This is probably upstream - I have an AMD GPU and I'm running Arch Linux (what Manjaro is based on) and I've seen similar issues. Pretty much everything I've tried that uses OpenCL on my system crashes in some way or another. Even low level tests like clpeak crash.

I traced a few bugs back to the Mesa OpenCL drivers' Bugzilla but there aren't people working on them. What you may have to do is:

  1. Install Ubuntu 16.04 LTS. This (and CentOS / RHEL 7) are the only Linux distros AMD supports.
  2. Download and install the Ubuntu SDK from AMD's support site.
  3. Join their community forums.

It still may not work with Ubuntu and the AMD-supported drivers; I had similar problems when I ran Ubuntu on my hardware. But at least you'll be able to get some support from the AMD community.

I've been trying to get OpenCL to work on my AMD GPU on and off for months, first on Fedora, then Ubuntu 16.04 LTS and now on Arch. I've essentially given up and am waiting for GPU community projects like caffe to migrate to Vulkan, which appears to be better supported. You're still likely to need to switch to Ubuntu 16.04; there's not much testing happening with other distros.

One other note: a few days ago I downloaded the ViennaCL manual, and it calls out a few bugs in AMD OpenCL implementations.

znmeb commented 7 years ago

Here's the tracking bug at Freedesktop.org for OpenCL bugs on Clover (Mesa on AMD / Radeon):

https://bugs.freedesktop.org/show_bug.cgi?id=99553

innnk commented 7 years ago

@znmeb Thank you for your suggestion! When I run clinfo,it shows that 2 devices available,GPU included. Does it show opencl works with my GPU?

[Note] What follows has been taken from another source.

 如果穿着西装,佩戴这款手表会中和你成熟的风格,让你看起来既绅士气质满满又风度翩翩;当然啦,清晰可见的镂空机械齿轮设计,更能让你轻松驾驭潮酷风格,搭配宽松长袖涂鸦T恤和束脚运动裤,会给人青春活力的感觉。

znmeb commented 7 years ago

Try clpeak - it's in the AUR (aur/clpeak-git on Arch but you should be able to get it from Manjaro). On my system it crashes.

znmeb commented 7 years ago

By the way - I tried building caffe from source. There are three options for the BLAS: ViennaCL, CLBLASt and clBLAS. They all crashed IIRC but I can run them again if this is actually a caffe bug and not something in opencl-mesa.

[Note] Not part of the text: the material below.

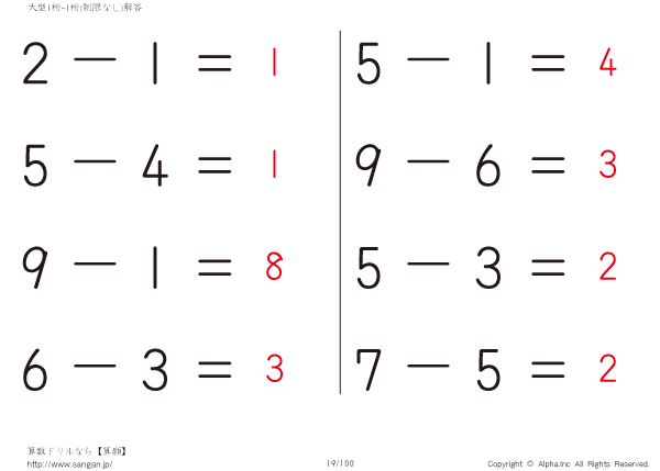 大型1桁の引き算(制限なし)の問題解答ガイド
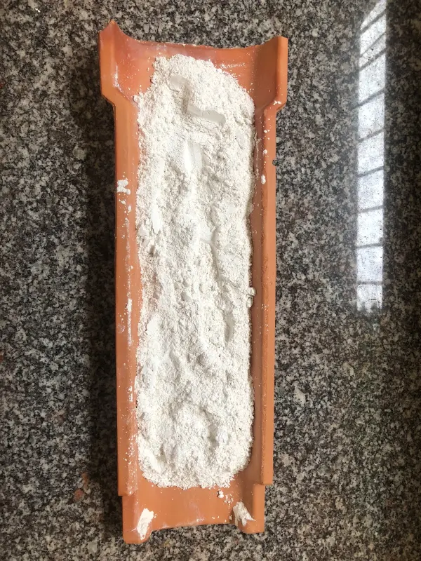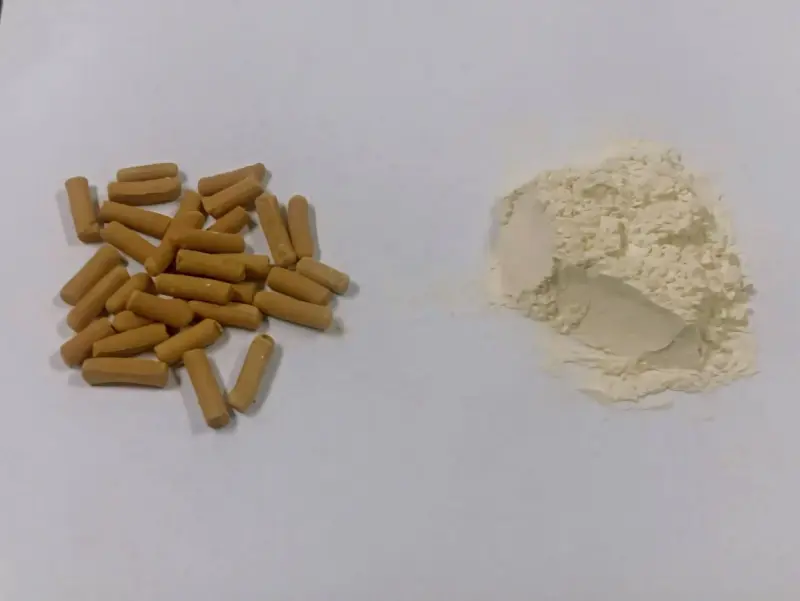 Zeólita em pó (à direita) e em peletes (à esquerda)

I may try dual-booting the machine with Ubuntu 16.04 LTS and running the AMD proprietary suite. They have a version of caffe that doesn't use OpenCL, I think, and if something's broken there I might be able to get it fixed.

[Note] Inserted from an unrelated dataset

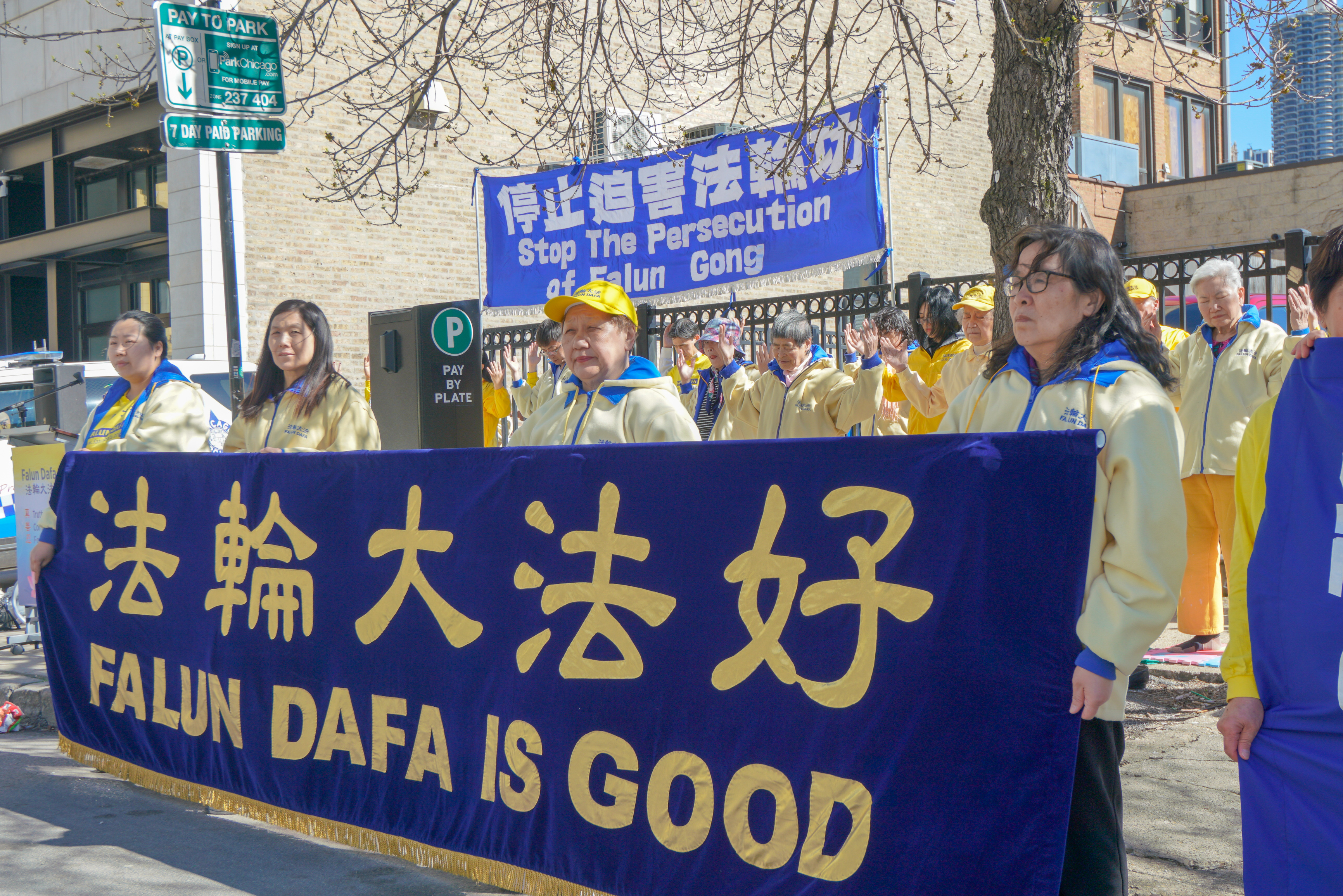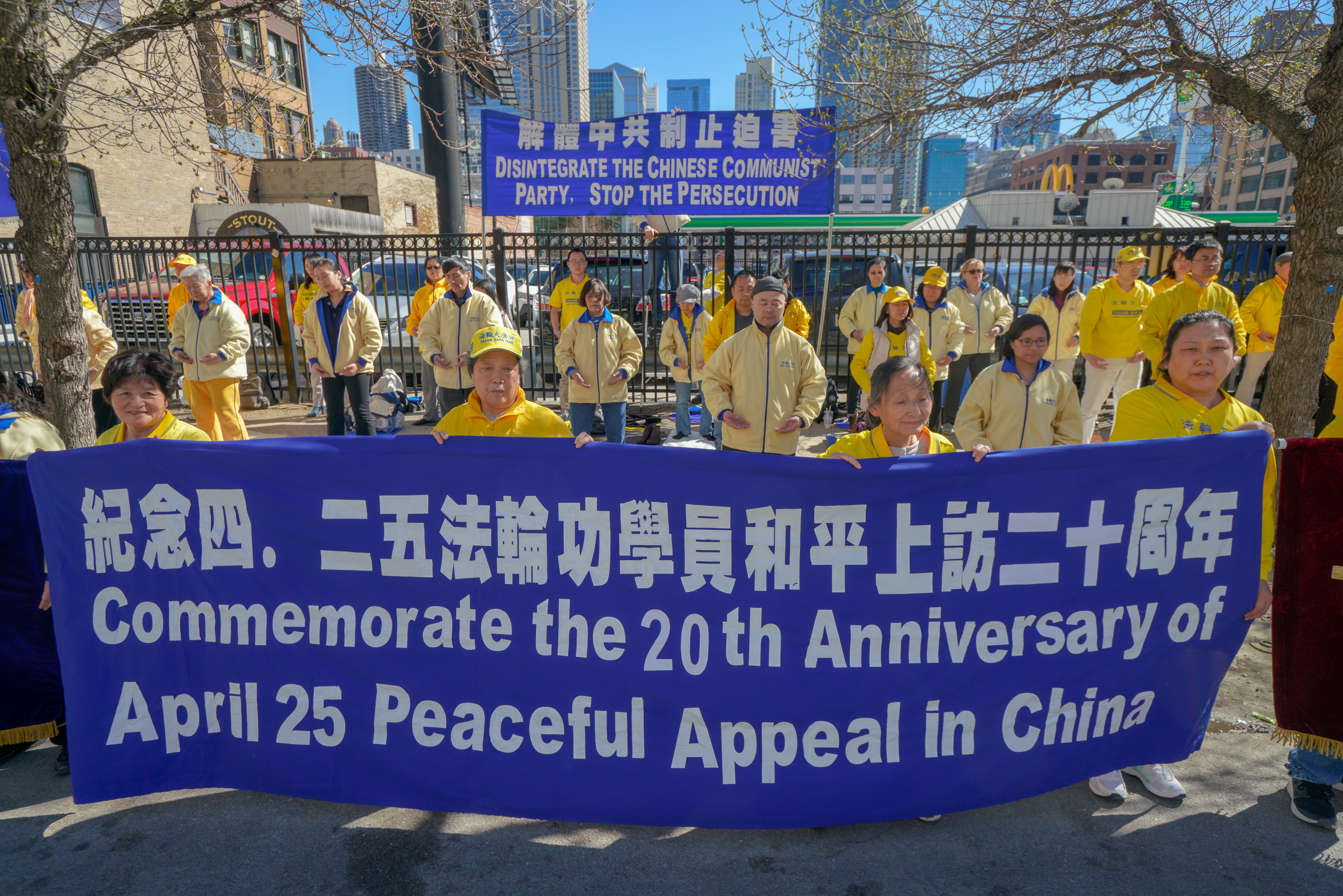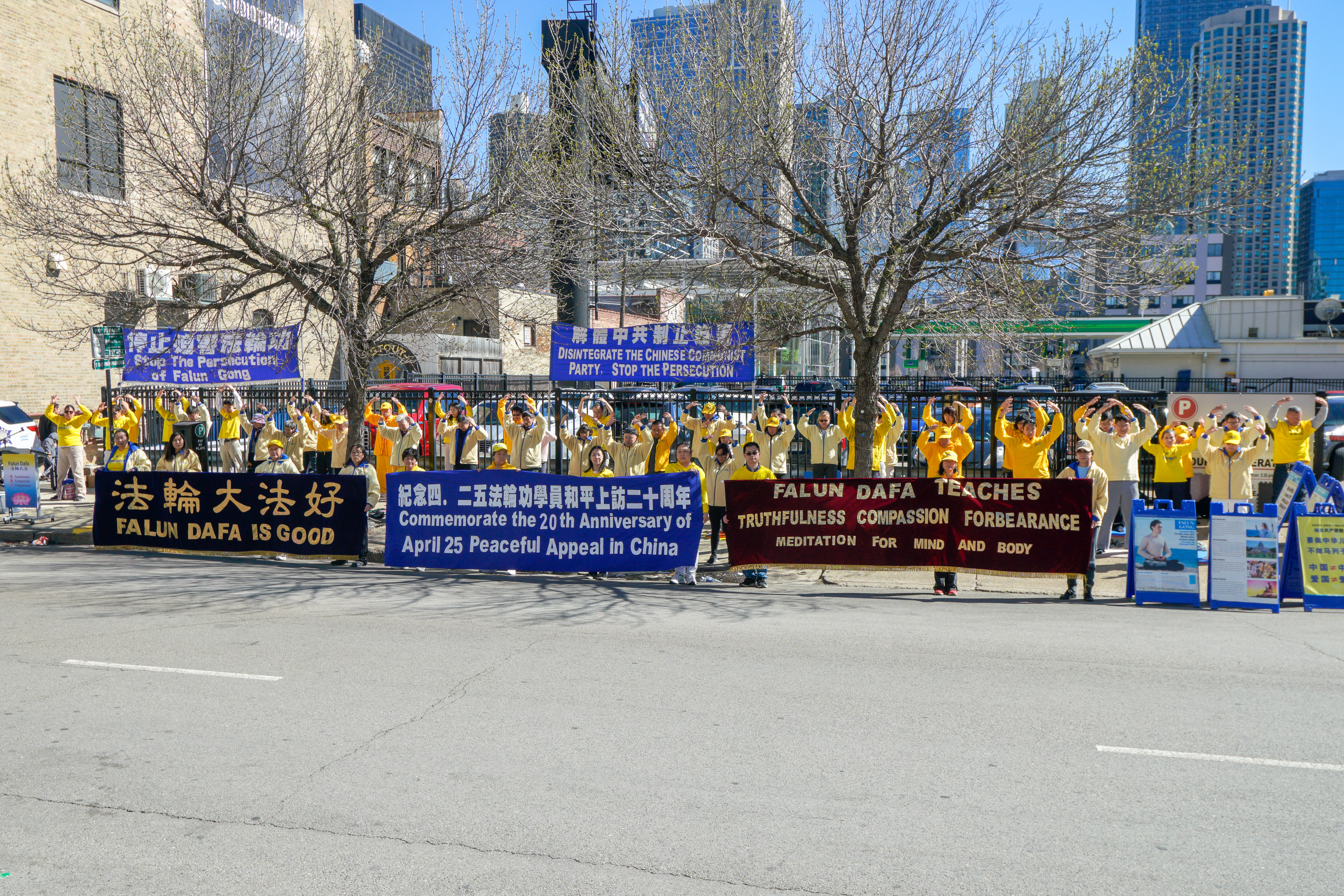 【明慧网二零一九年四月二十三日】二零一九年四月二十日,美国芝加哥法轮功学员在中领馆前集会,炼功,纪念“四·二五”法轮功学员万人和平上访二十周年。

naibaf7 commented 7 years ago

OpenCL-Mesa is not supported by OpenCL Caffe - you need to use FGLRX or AMDGPU-PRO (most stable together with kernel 4.12) supplied OpenCL, or Intel OpenCL (beignet or proprietary) or nVidia OpenCL.

znmeb commented 7 years ago

AMDGPU-PRO is only supported on Ubuntu 16.04 LTS. When I was running Ubuntu 16.04 LTS, I tried numerous benchmarks with it and they all failed. I gave up on it. If there's a public bug tracker with responsive engineers, I'd be willing to dual-boot my machine and try again. Otherwise, it's a non-starter.

naibaf7 commented 7 years ago

AMDGPU-PRO also works on Fedora 25/26 for me. Only the OpenCL (compute) parts of the driver are needed. A recent kernel (4.10, 4.11, 4.12) with the open source kernel module of AMDGPU plus Hawaii, Polaris or Vega firmware is sufficient. Please ask if you need more detailed instructions to install the necessary components. OpenCL Caffe currently validates correctly on W9100, R9 390X, RX 480, RX 470, RX 460, GTX 1080, GTX 980, Intel i7-6560U, GT 650M and possibly a lot more, if the correct drivers are installed. It also works regardless of which BLAS library is used. Alternatively, OpenCL Caffe is also supported for AMD and nVidia GPUs on Windows 7/8/10 (Intel GPU support for Windows currently under development). You just cannot use the Clover OpenCL implementations. The only opensource OpenCL implementation stable enough to compile and run Caffe is Intel's Beignet. Otherwise, proprietary components are required.

znmeb commented 7 years ago

I didn't know AMDGPU-Pro was supported on Fedora - I switched from Fedora 25 to Ubuntu 16.04 LTS because I couldn't find support on Fedora. I'd much prefer Fedora to Ubuntu! And if it works on Fedora it can probably be made to work on Arch / Manjaro. You might have to freeze some kernel / library versions to older releases though.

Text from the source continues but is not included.